**Goal of the exercise**
Write down the lines exactly as they appear, from the one that contains "Eucerin Sun Face" through the final line of the records, so that both ends are kept and no pictures come along.

**Dataset content**
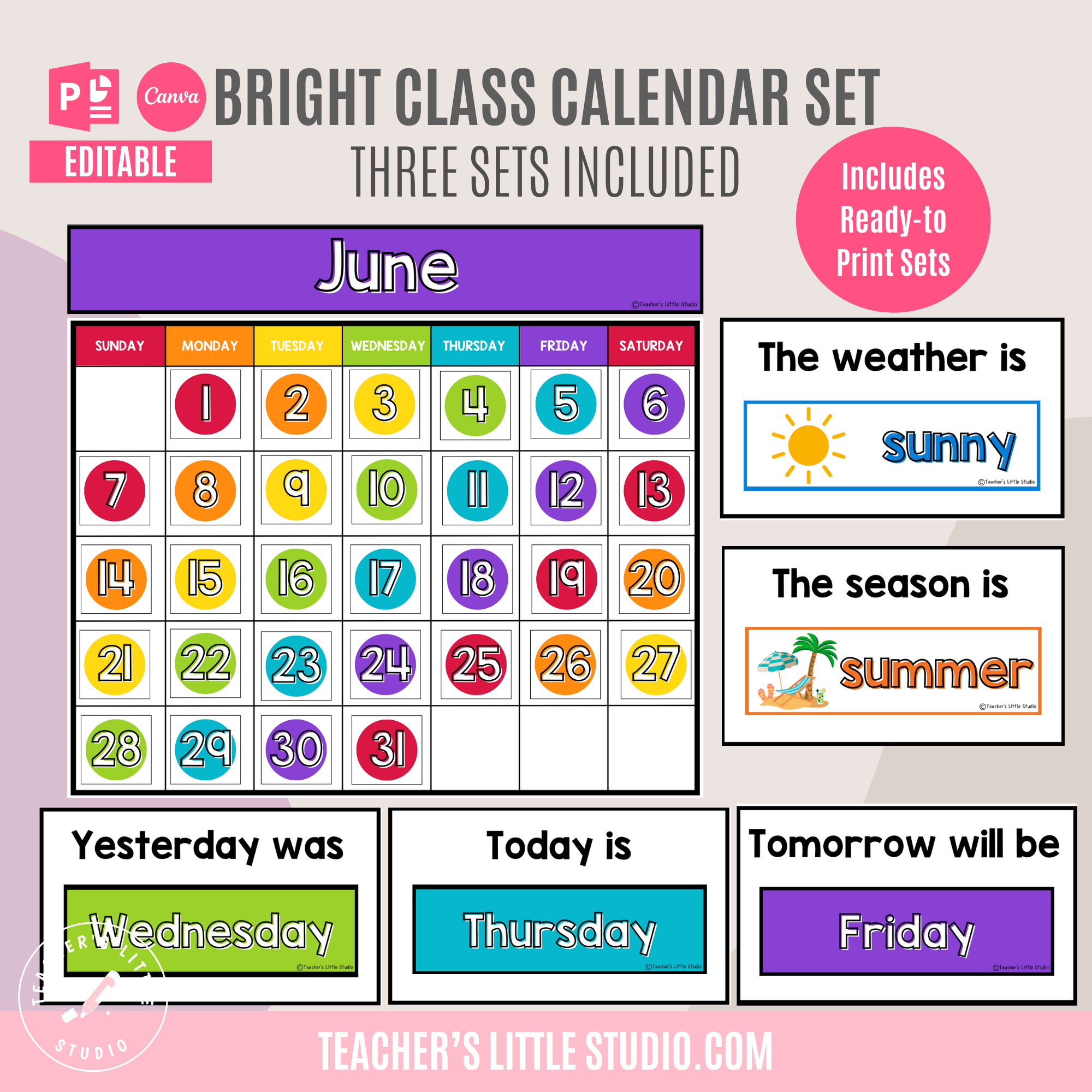 Bring calm and structure to your classroom with this Bright Classroom Calendar and Weather Display Set. Includes ready-to-print charts plus editable templates in Canva and PowerPoint.
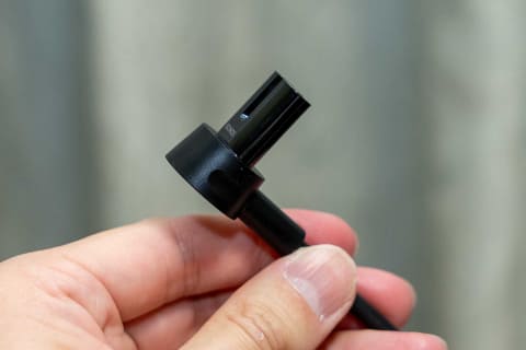 本体の電源ポートは底部にあり、下から上に挿し込む形。専用ケーブルのコネクタもL字型で、背面からコネクタが出っ張らず、スマートにケーブルを取り回せる。底面にはネジ穴もあり、別売りの壁掛けアクセサリ、スタンドとの組み合わせにも利用できる。
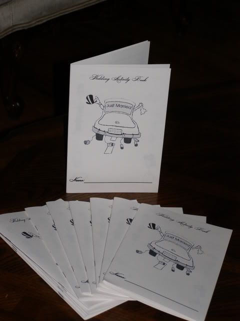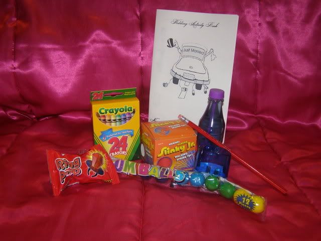 Our jr. groomsman got new stuff for his PSP. Our jr. bridesmaid got a Nintendo DS game and a tote bag with her name on it. Our flower girl got an iPod shuffle, a tiara and a tote bag with her name on it.
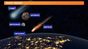 The small pieces of debris (meteors) enter the earth's atmosphere and burn up as they do so.
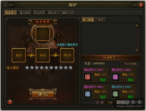 装备强化:游戏中装备可通过使用对应等级的黑铁进行强化,使用强化符文可提升强化成功概率哦!
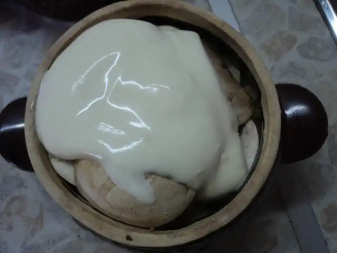 Выкладываем в каждый горшочек по 2 ложки сметаны. Накрываем крышкой и ставим в разогретую духовку. Убавляем духовку до 180 градусов. Оставляем минут на 40. Выключаем духовку. Пусть горшки постоят еще 10–15 минут. Эти горшки очень здорово сохраняют тепло. Вы уже их вытащили, а жаркое все еще «доходит»
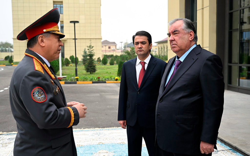 Эмомали Рахмон и его сын Рустам Эмомали на открытии госучреждения по подготовке высококвалифицированных военных кадров в Душанбе. Фото пресс-службы президента Таджикистана
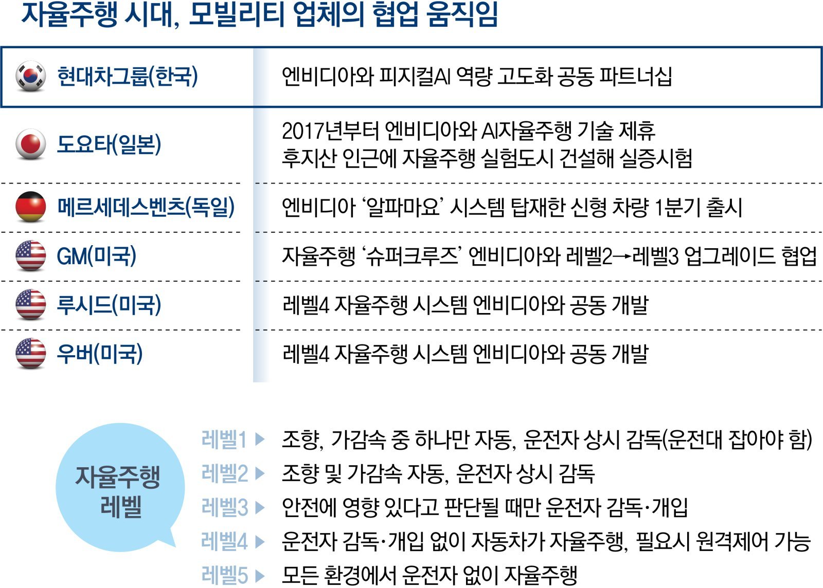 In the global automotive industry, collaboration on autonomous driving technologies with big tech companies such as NVIDIA is becoming mainstream. NVIDIA’s “Alpamayo” has already been installed in Mercedes-Benz’s new compact model “CLA” and is set to be launched in the U.S. market in the first quarter of this year. GM is jointly developing with NVIDIA an upgrade of its recently unveiled Level 2 (driver-supervised) “Super Cruise” fully autonomous driving system to Level 3 (driver-supervised only in emergencies). U.S. electric vehicle maker Lucid and Uber are also working with NVIDIA to develop Level 4 (driver-unsupervised) autonomous driving systems.
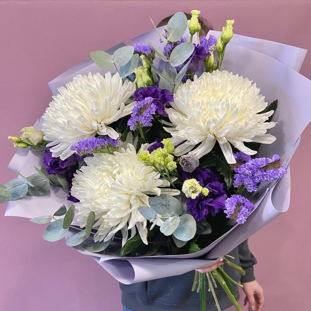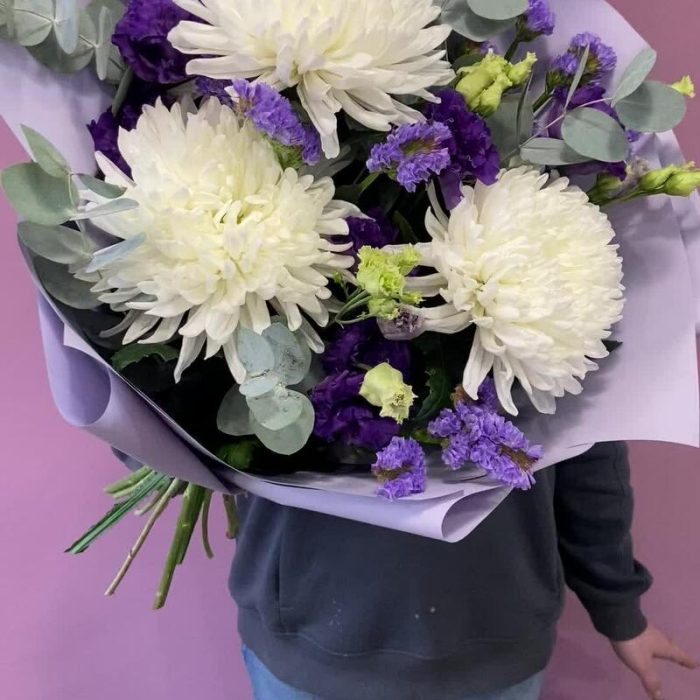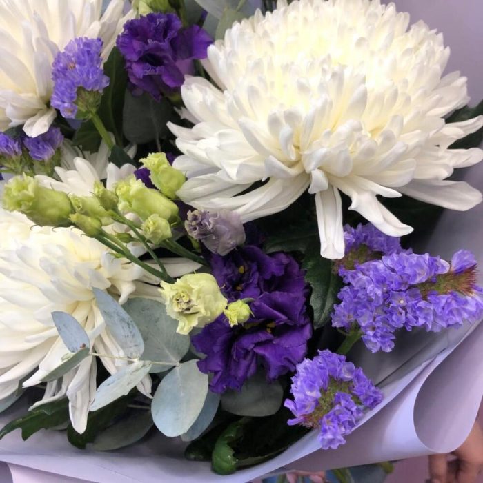 антонов – 3 шт.Статица – 1 шт.Эустома – 2 шт.Эвкалипт – 3 шт.Корейская упаковка – 1 шт.бант атласный – 1 шт.
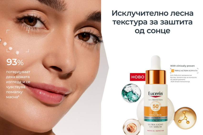 Eucerin Sun Face Oil Control Daily UV Serum SPF 50+ е достапен во сите поголеми аптеки низ Македонија. За најдобри резултати, комбинирајте го со Dermopure Clinical гелот за миење лице и Triple Action серумот, трио што ќе ја одржува вашата кожа чиста, балансирана и заштитена во текот на целата година.
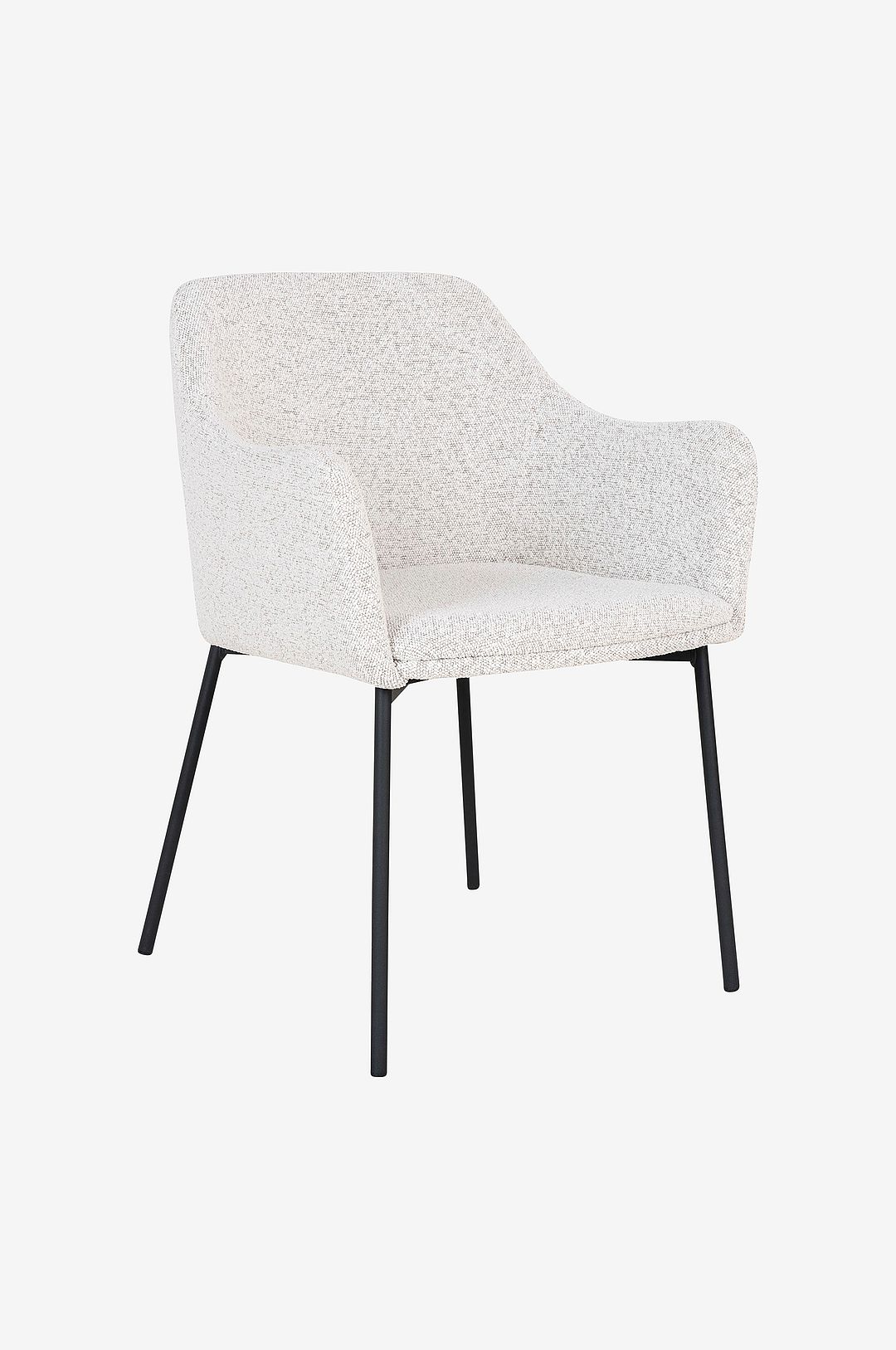 Matstol, vit bouclé med svarta ben. Måttet från golv till armstöd är 65 cm.

**Completed exercise**
 Eucerin Sun Face Oil Control Daily UV Serum SPF 50+ е достапен во сите поголеми аптеки низ Македонија. За најдобри резултати, комбинирајте го со Dermopure Clinical гелот за миење лице и Triple Action серумот, трио што ќе ја одржува вашата кожа чиста, балансирана и заштитена во текот на целата година.
 Matstol, vit bouclé med svarta ben. Måttet från golv till armstöd är 65 cm.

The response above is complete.